Following the end of the authoritarian regime, many of the police officers and torturers faced prosecution, but the torture office remained in the hands of the police. In 2005, it was turned into the police force's Human Rights Center, and was even the set for the films National Security (2012) and 1987: When the Day Comes. In December 2018 former President Moon Jae-in instructed it to be handed over to the Korean Democracy Foundation and converted into a museum and memorial hall. The National Museum of Korean Democracy officially opened on June 10, 2025.

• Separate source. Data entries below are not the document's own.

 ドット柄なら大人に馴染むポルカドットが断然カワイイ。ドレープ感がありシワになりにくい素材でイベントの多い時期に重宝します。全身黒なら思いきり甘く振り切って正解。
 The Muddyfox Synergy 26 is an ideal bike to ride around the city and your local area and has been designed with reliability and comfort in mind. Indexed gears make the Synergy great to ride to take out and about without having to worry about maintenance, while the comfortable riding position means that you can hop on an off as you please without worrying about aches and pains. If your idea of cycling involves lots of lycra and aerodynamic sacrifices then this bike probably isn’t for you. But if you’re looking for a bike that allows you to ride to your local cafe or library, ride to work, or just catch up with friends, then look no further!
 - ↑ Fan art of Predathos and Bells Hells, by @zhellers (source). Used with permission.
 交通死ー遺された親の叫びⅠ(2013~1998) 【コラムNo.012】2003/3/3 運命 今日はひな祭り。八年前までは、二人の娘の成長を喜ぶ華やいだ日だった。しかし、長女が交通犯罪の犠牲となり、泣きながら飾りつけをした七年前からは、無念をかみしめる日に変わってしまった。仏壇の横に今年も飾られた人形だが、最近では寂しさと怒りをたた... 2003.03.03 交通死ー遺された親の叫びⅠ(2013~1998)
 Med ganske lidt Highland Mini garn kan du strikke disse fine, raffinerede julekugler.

Access to the museum is open to the public, but in order to enter the recreated interrogation facility, visitors to the museum have to book tickets in advance. Children under the age of 12 must be accompanied by a guardian, and children under the age of 6 are prohibited from entering.

== Architecture ==
The Namyeong-dong Anti-Communist Interrogation Office was the work of distinguished Korean architect Kim Swoo-geun. Kim was acquainted with KCIA director and prime minister Kim Jong-pil and had received some commissions from him. Kim Swoo-geun's style of architecture mostly aligned with the ideology of the authoritarian regime of the time, drawing from the spacial aesthetics of traditional korean buildings and the modern technological influences of Le Corbusier and Japanese modernists.

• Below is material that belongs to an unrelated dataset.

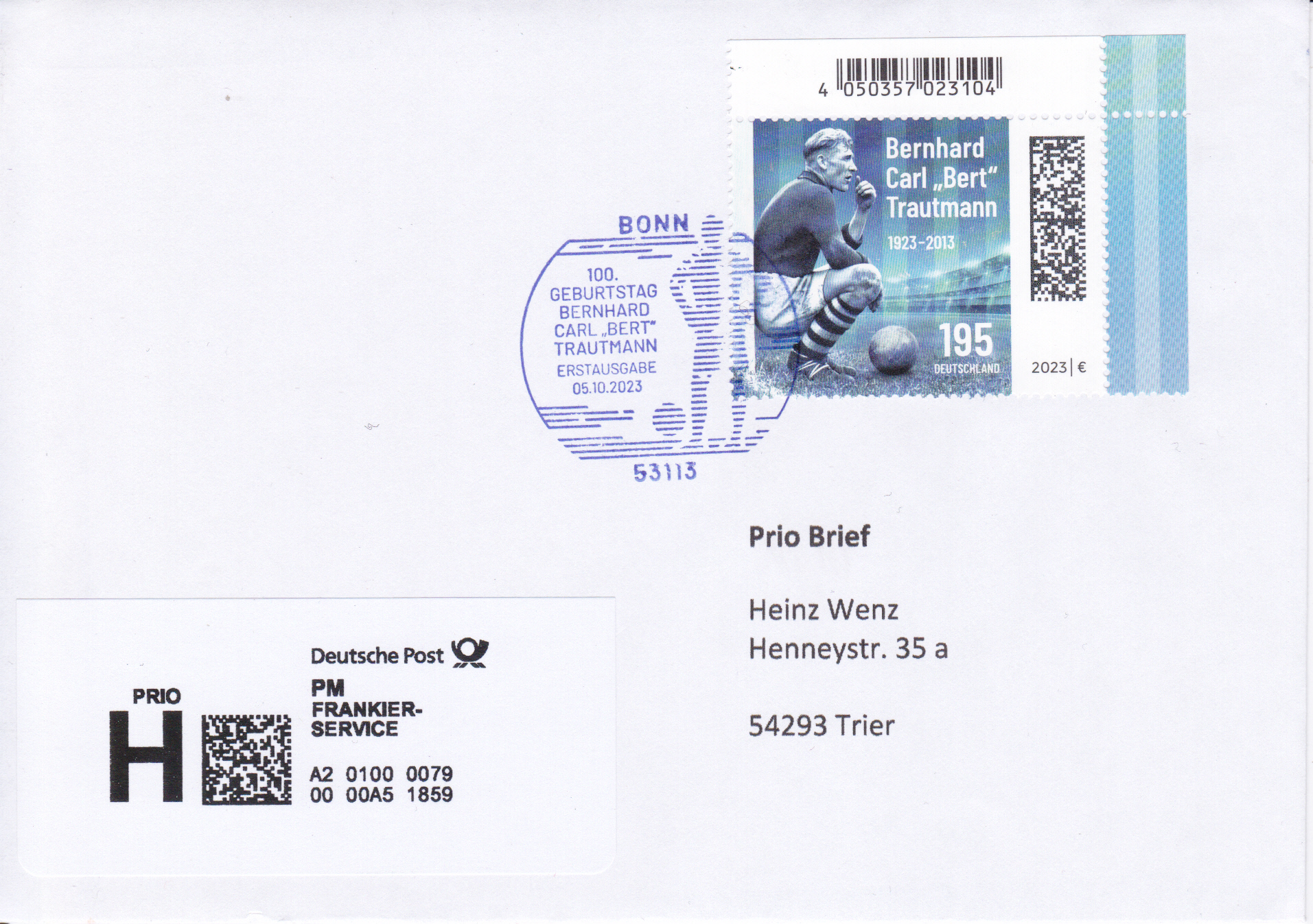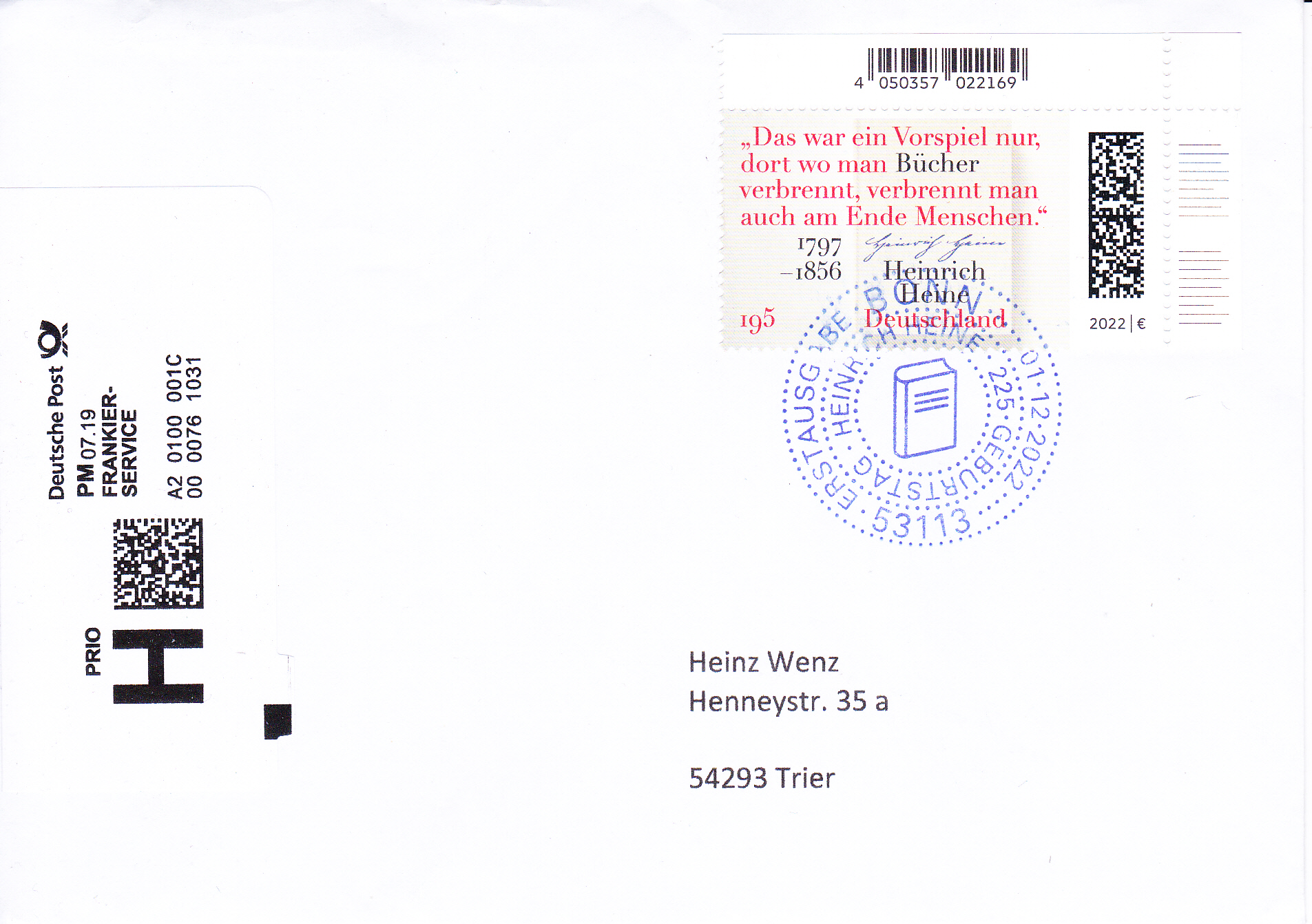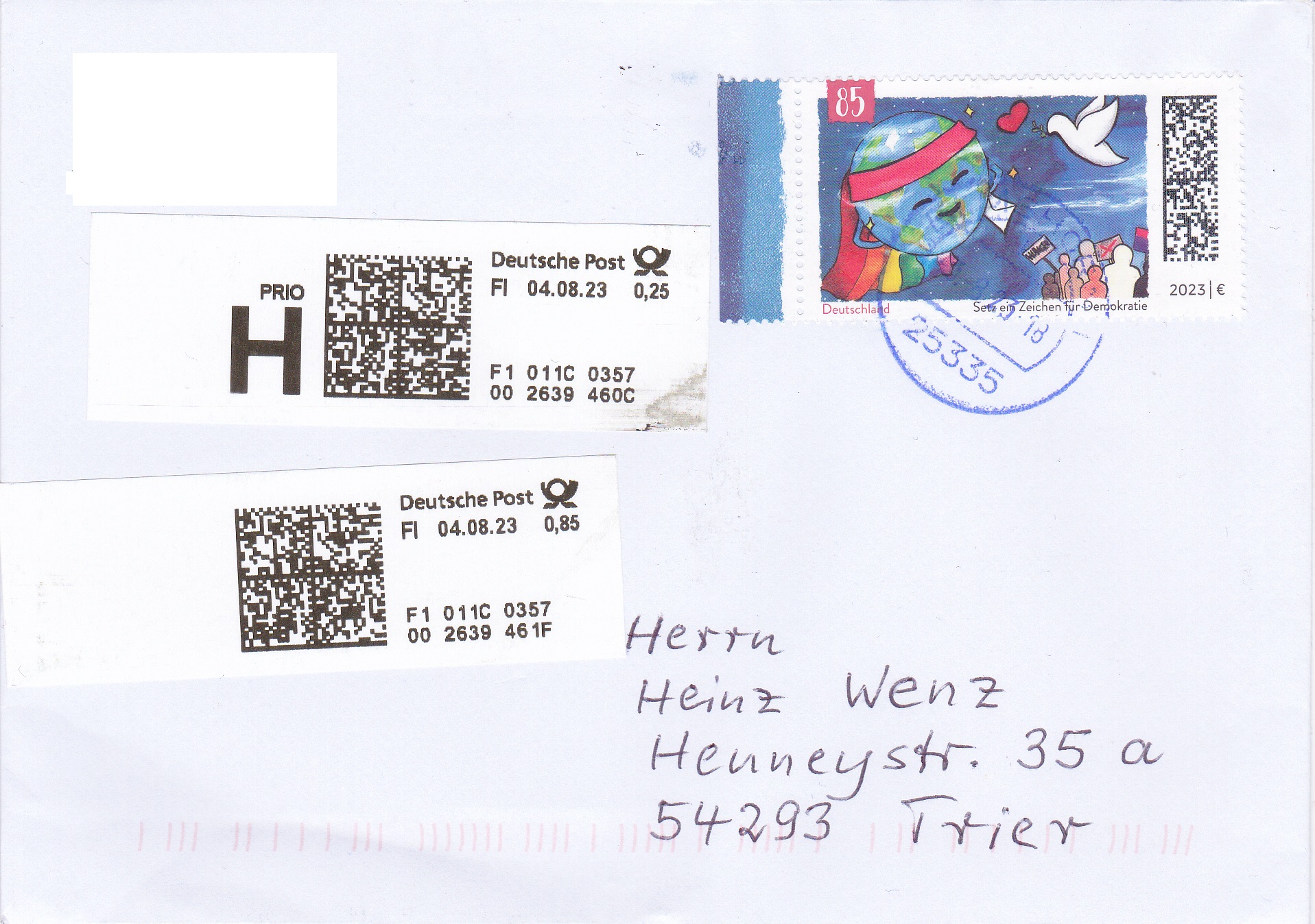 Dieser Brief wurde mit der Marke "Demokratie" zu 85 Cent (MiNr 3769) frankiert. und in einer Postagentur als Priobrief aufgegeben. Offensichtlich war der Mitarbeiter der Postagentur zunächst mit dem Priobrief "überfordert". Er druckte ein Label "Priobrief" mit dem Wert 0,25€ aus. Er dachte wohl, dass der Priobrief insgesamt 1,10€ kostet. Er bemerkt dann wohl seinen Fehler (Der ZUSCHLAG zum Briefporto beträgt 1,10€) und fertigte noch ein zusätzliches Label zu 0,85€ aus.
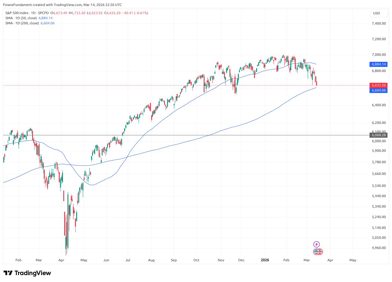 Der S&P 500 befindet sich technisch in einer kritischen Entscheidungszone an der 200-Tage-Linie.

The visible exterior of the building is made of black brick and used to be encircled by a wall topped with barbed wire, imposing itself on the surrounding urban neighborhood. The building was intentionally designed for torture and isolation. The fifth floor was connected to the first floor by a narrow spiral staircase meant to confuse and disorient those being brought in for interrogation. Doorways into the interrogation rooms on the fifth floor are staggered to prevent contact between detainees. The windows in the interrogation rooms, which can be seen from the outside, are so thin that a human could not fit through, stopping any attempts at escape or suicide. Rooms were soundproofed so sounds of torture could not be heard from outside, but could be heard by prisoners in adjacent rooms. Even the reddish orange tiles on the walls were made to look blood-stained under the harsh lighting, and some survivors testified that the colors "triggered intense fear." While some attribute the twisted layout of the space to the architect, others argue that Kim was unaware of the purpose of the building and only contributed to the facade of the building.

Now, the KDF has restored the space to recreate the original conditions the victims were subject to in the 1970s and 1980s using testimony from former staff. Only cell 509 remains unaltered, preserved as a memorial to Park Jong-chul, who died in that very room.